Вначале эти факты вроде бы единичные, случайные, но постепенно частота их увеличивается, время между ними сокращается, дерзость поступков нарастает. Не только у персонажей трагедии, но и у читателя-зрителя возникает желание скорейшего избавления от непрошеных гостей, от Гришки Отрепьева, предавшего русскую веру. Именно столкновение «племенных стихий», оскорбленное при этом чувство русского «духа жизни», «русской семьи», русской веры привели к краху Димитрия Самозванца.
Однако убийство Димитрия вылилось, по мнению Хомякова, в очередное злодейство. Подговоренные Шуйским Валуев и Воейков не допускают правого суда над Самозванцем. Не подоспевшие вовремя к месту события князь Скопин-Шуйский и Ляпунов уже слышат на улице крик: «Да здравствует Василий (Шуйский. — И. Ю.), царь Московский». На что князь Скопин-Шуйский реагирует уже в духе Хомякова-славянофила: «Это что? // Без выбора, без земского собора?».
Действительно, поначалу в пьесе доминировал мотив исключительно божественного начала в носителе царской короны. Сам Димитрий подчеркивал, что порфирой Иоанна обязан он Божией руке, своим отцам и силе русской воли. Царская власть должна быть окружена ореолом величия и таинственности, русский народ должен видеть в царе Божьего посланника, для которого все русские люди равны: и бояре и нищие. На земле он исполняет Божью волю, творит Божью справедливость. И вот в финале появляется чрезвычайно характерный и важный для славянофильства мотив: царская власть должна быть благословлена народом, царская власть должна быть освящена соборным решением. Без этого любая власть незаконна, она обречена. Шуйский обречен.

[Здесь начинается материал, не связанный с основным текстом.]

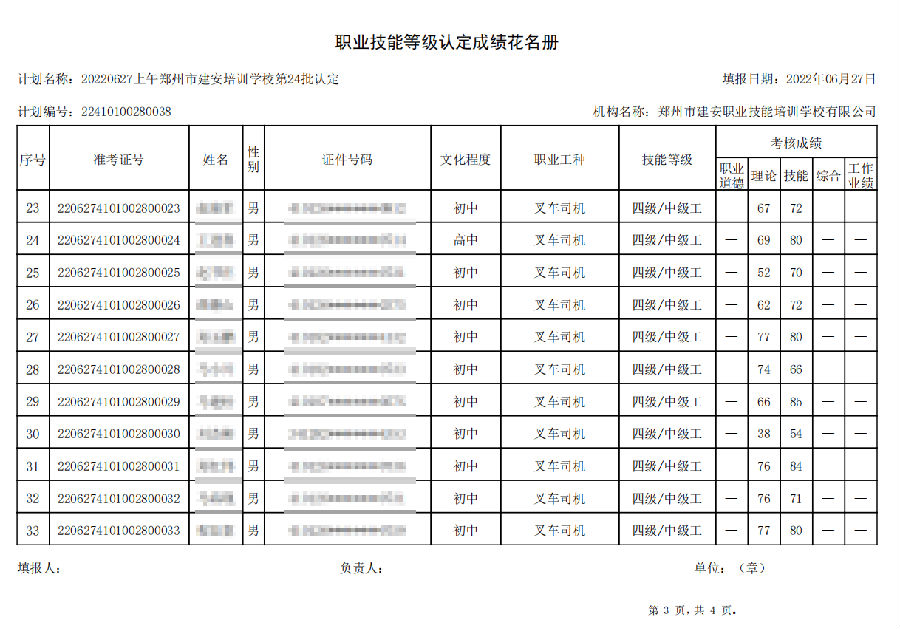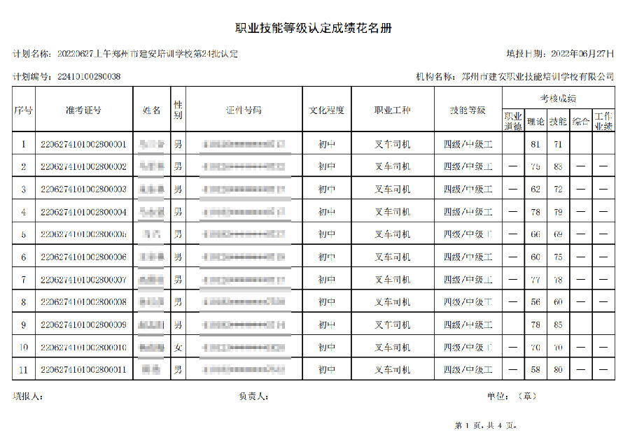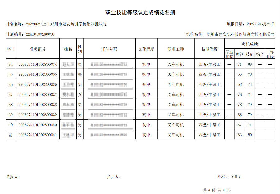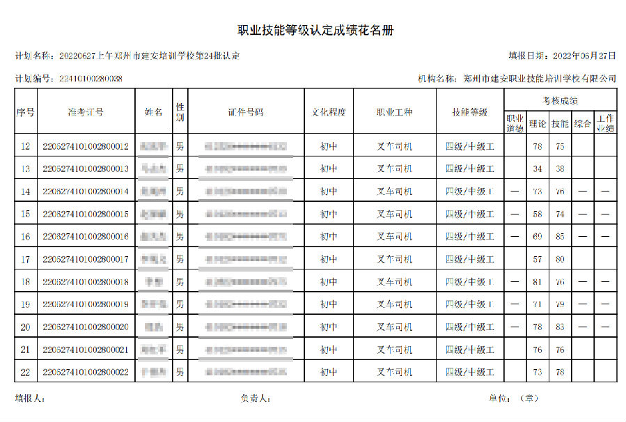2022年6月27日上午,在郑州市建安技能培训学校进行的【叉车司机 五级/中级工】职业技能等级认定考试,阅卷工作已结束,现将各位考生成绩予以公示,公示期为7天,公示期限为:2022年6月29日至2022年7月6日。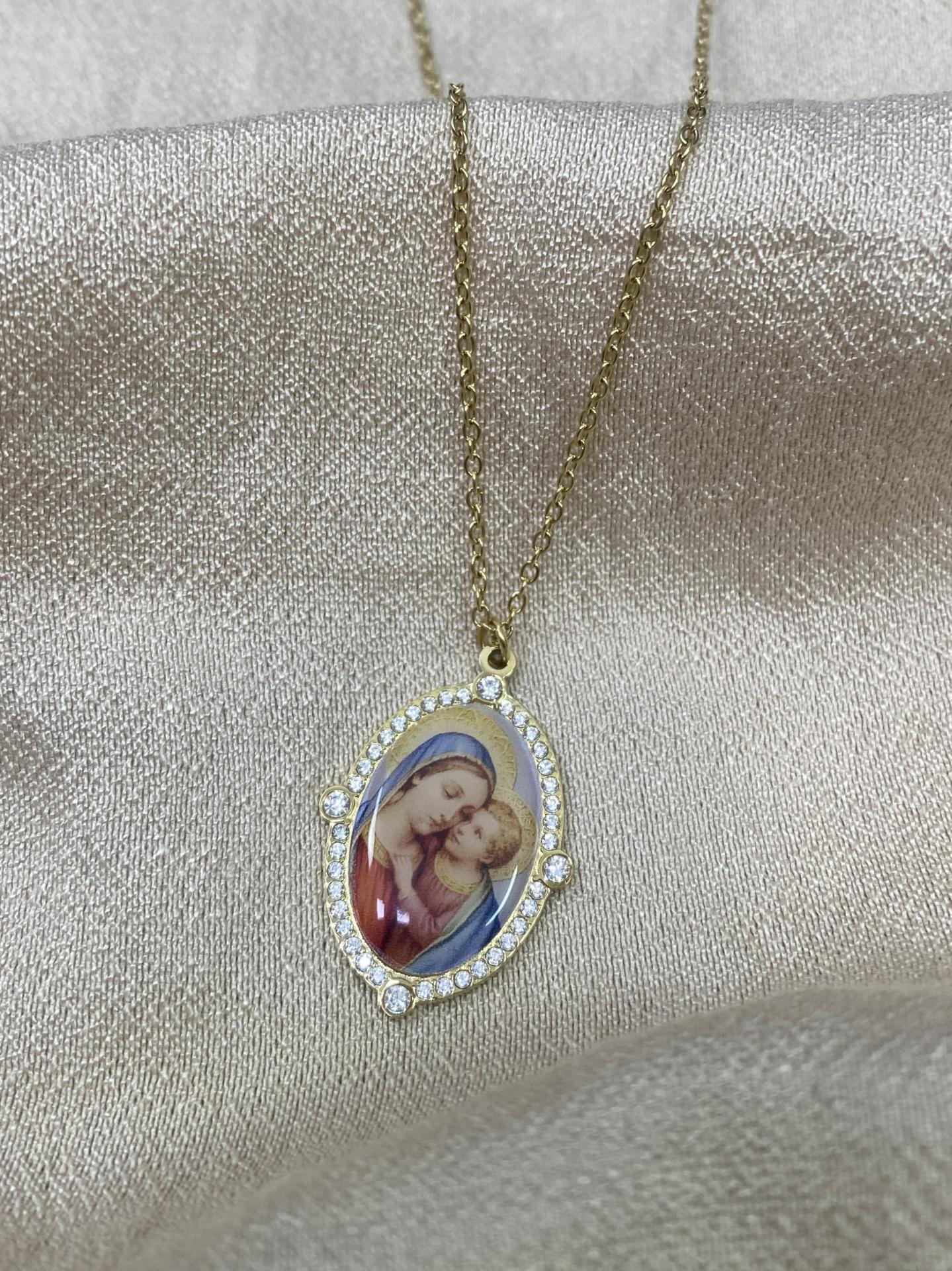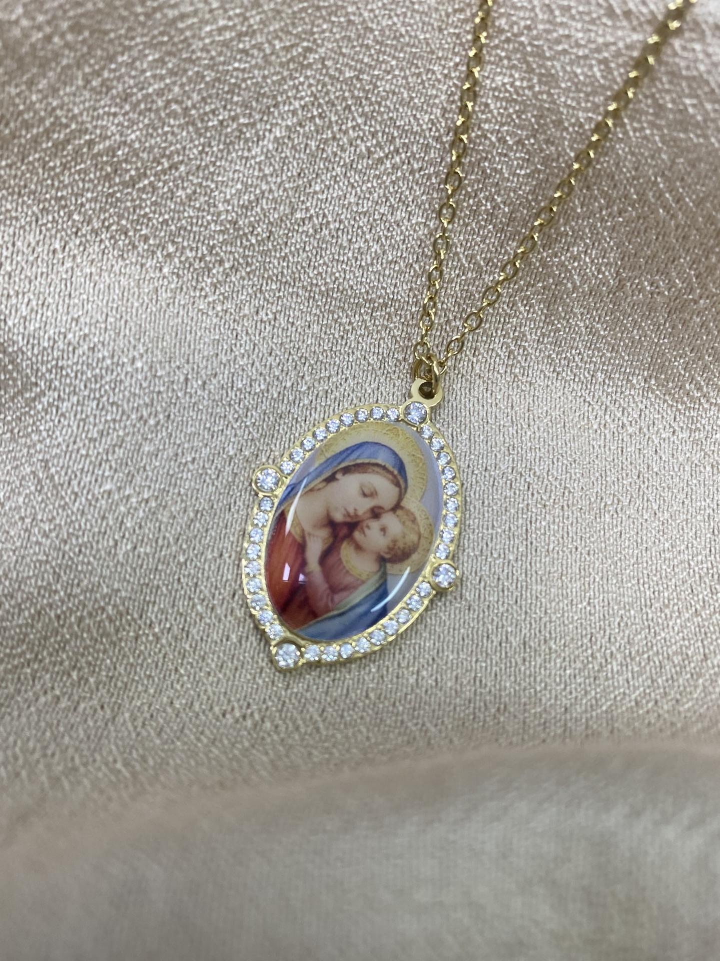 Este collar de acero inoxidable con colgante de la Virgen combina fe, elegancia y durabilidad. Su diseño ovalado con imagen de la Virgen aporta un toque espiritual y sofisticado, mientras que el contorno con brillo realza la pieza sin resultar recargada.

Очевидно, что в решении проблемы национального характера в драматургии A. C. Хомякова собственно славянофильские мотивы угадываются весьма отчетливо, хотя и уступают в этом его зрелой лирике. Недаром Бердяев писал, что «...взгляды Хомякова на национальный характер и призвание русского народа лучше всего характеризовать его стихами».
Л-ра: Вестник МГУ. Серия 9 : Филология. – 2003. – № 2. – С. 74-83.